I would have resented the trifling at that moment from almost any person but Grace. She divined my discomfort, veered her questioning to College affairs, and detailed to me some amusing information on dances and engagements, to which I listened with what attention I could. But my eyes persisted in resting oftener and oftener on Alexandra, and some bread baked by her and Annie—a triumph of amateur housekeeping—being passed by the latter in pieces among the cake, I imagined that it tasted like the sacrament, and utterly lost track of what the merry girl was saying. She left me to flood out her spirits on a friend who was rising to go; whereupon I recollected myself.

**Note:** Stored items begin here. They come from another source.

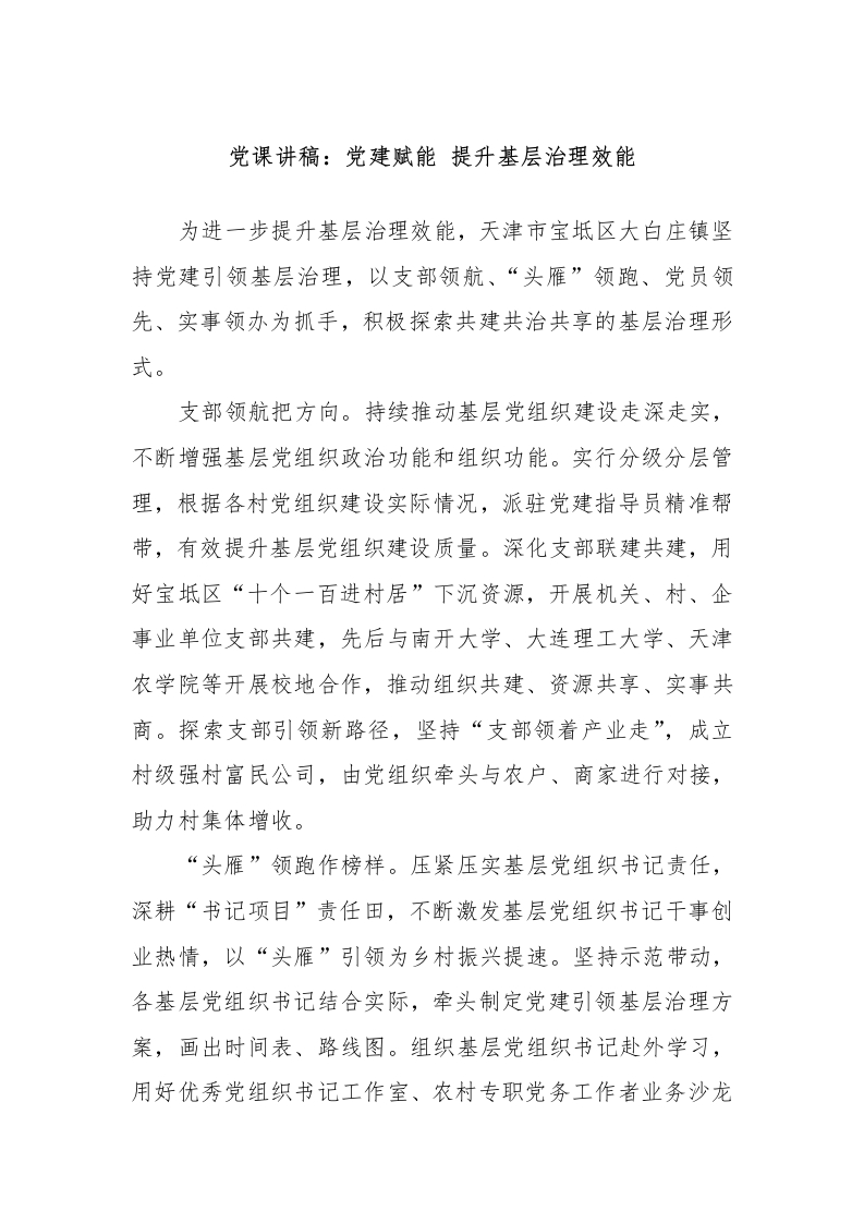首页写作素材党课讲稿:党建赋能 提升基层治理效能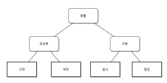 - 위 관계는 상속 관계가 아니다. 동물은 포유류와 조류의 부모가 아니다. 고래 또한 부모가 포유류가 될 수 없다
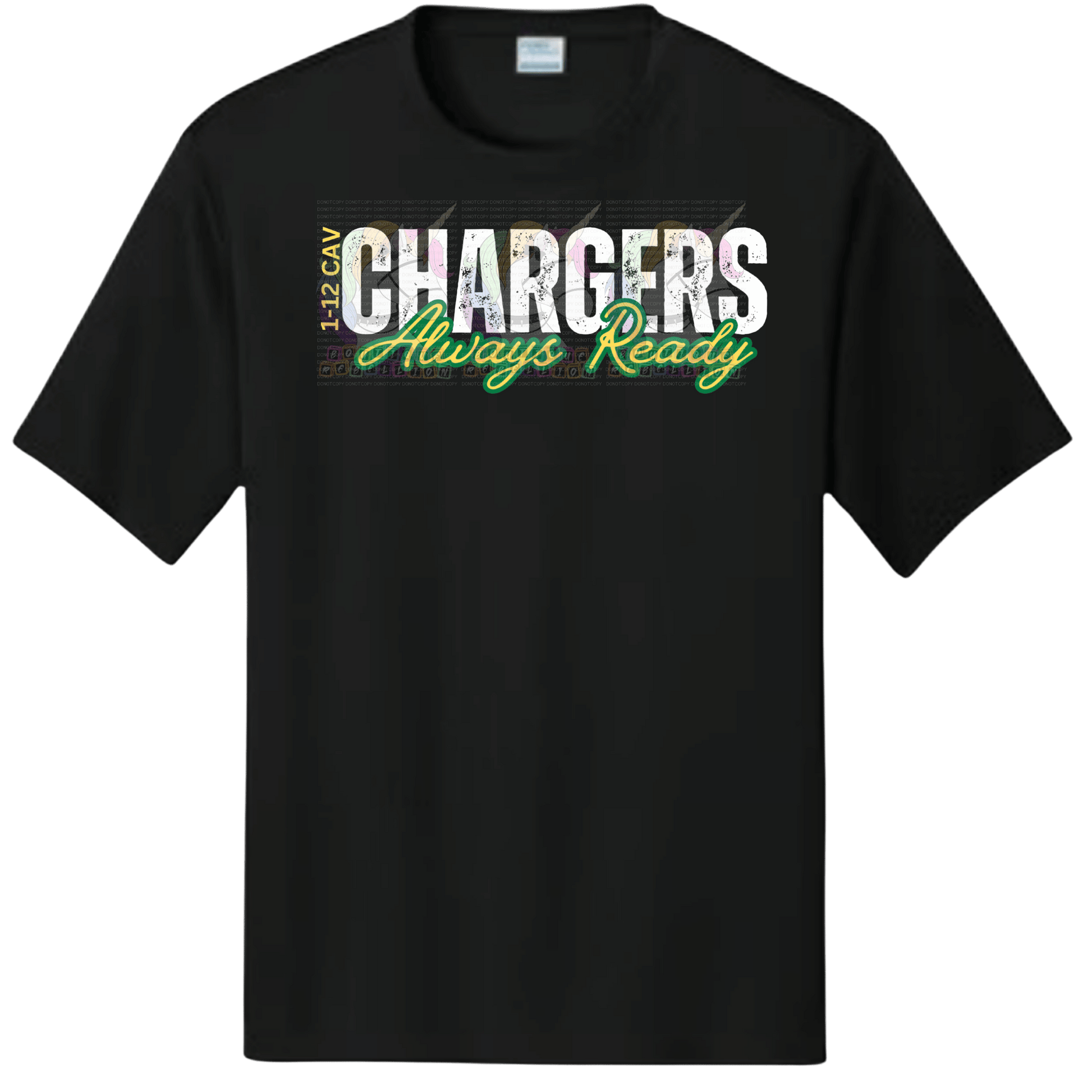Support your soldier with this 100% cotton ring spun cotton tee with chargers image.

Behold Quinet, poor fellow, Quinet is too earnest for Society. Some supercilious young creature has cut him to the quick for commencing a historical remark. Smarting under his rebuke he withdraws a step or two. A kind voice accosts him; it is Alexandra. "Come here and speak to me, Mr. Quinet. You always talk what is worth while." "To talk of what is worth while makes enemies," he answered bitterly: "I am thinking of giving it up." "You should not do that," she said. "If I were a man I would think of nothing but the highest things."

The night's sleep was broken by visions of her, as I had just seen her, so near, so fair. I tried to force my imagination into snatches of remembrance of her face as colored and clear-outlined as the reality—bearing the noble expression it had worn when she said "Would not that be wrong?"

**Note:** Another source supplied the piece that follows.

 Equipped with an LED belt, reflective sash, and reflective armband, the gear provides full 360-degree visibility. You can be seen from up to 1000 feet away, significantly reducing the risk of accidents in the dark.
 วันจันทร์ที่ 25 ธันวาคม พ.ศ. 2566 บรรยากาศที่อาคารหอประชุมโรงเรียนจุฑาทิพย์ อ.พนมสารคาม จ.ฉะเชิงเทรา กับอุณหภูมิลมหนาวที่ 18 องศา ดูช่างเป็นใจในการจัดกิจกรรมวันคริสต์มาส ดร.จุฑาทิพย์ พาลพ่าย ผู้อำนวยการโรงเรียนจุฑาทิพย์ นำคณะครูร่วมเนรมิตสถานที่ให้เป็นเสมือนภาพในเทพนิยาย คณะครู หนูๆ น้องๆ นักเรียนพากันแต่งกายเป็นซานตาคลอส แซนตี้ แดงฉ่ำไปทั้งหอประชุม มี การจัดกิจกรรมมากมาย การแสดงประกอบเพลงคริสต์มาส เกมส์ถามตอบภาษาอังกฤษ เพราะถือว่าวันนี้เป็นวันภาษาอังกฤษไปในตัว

How I sank into self-contempt by comparison!

I wonder if Englishmen feel the passion of love as we French do.

"I love her, I love her," was my burning ejaculation. "Yet how dare I love her! I am unworthy to stand in her presence! There is only left for me to purify and burn and subdue my heart until it is completely worthy of her holy sight. Worthy of her! And what is worthy of her?"

Again her presence passed before me and a voice seemed to cry "The highest things!"

Thenceforth "The highest things" should be my search, and nothing less.

My ambitions had advanced a second step.